(Recorded data)
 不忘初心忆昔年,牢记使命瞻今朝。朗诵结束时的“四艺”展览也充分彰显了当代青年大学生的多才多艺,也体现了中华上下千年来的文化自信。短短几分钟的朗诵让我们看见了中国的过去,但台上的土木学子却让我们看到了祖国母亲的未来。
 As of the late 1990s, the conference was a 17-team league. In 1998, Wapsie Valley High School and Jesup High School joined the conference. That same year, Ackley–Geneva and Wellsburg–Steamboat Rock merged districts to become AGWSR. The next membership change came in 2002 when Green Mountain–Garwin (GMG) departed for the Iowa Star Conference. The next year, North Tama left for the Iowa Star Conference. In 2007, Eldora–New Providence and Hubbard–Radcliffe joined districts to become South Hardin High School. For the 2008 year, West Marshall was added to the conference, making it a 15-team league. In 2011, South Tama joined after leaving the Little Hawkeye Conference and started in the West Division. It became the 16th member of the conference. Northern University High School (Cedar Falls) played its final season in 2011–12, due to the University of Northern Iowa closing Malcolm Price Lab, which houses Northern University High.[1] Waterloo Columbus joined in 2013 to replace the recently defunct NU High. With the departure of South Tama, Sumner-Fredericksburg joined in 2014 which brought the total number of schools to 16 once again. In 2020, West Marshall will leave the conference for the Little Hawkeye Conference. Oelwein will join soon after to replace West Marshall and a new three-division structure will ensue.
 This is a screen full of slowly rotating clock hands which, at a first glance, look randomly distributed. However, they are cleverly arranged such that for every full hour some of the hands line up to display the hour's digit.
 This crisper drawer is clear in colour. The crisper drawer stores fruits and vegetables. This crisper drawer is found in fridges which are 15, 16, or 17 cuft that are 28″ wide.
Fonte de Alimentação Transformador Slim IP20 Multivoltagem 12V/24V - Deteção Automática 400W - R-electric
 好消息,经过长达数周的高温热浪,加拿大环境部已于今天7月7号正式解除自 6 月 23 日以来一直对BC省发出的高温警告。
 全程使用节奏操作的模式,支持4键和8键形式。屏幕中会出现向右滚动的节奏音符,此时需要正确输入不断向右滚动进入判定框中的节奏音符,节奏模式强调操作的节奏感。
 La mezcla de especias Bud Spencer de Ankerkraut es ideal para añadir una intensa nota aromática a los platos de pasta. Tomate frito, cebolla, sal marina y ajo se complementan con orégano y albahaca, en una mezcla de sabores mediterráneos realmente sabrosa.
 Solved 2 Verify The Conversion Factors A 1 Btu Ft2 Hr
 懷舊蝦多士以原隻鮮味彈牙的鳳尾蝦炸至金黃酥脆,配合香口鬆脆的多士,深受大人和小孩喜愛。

:: What you have to do ::
Your answer must consist only of the lines from the one containing "好消息,经过长达数周的高温热浪,加拿大环境部已于今天7月7号正式解除自 6 月" through the last line of the data above, both included, exactly as written.

:: Output for this exercise ::
 好消息,经过长达数周的高温热浪,加拿大环境部已于今天7月7号正式解除自 6 月 23 日以来一直对BC省发出的高温警告。
 全程使用节奏操作的模式,支持4键和8键形式。屏幕中会出现向右滚动的节奏音符,此时需要正确输入不断向右滚动进入判定框中的节奏音符,节奏模式强调操作的节奏感。
 La mezcla de especias Bud Spencer de Ankerkraut es ideal para añadir una intensa nota aromática a los platos de pasta. Tomate frito, cebolla, sal marina y ajo se complementan con orégano y albahaca, en una mezcla de sabores mediterráneos realmente sabrosa.
 Solved 2 Verify The Conversion Factors A 1 Btu Ft2 Hr
 懷舊蝦多士以原隻鮮味彈牙的鳳尾蝦炸至金黃酥脆,配合香口鬆脆的多士,深受大人和小孩喜愛。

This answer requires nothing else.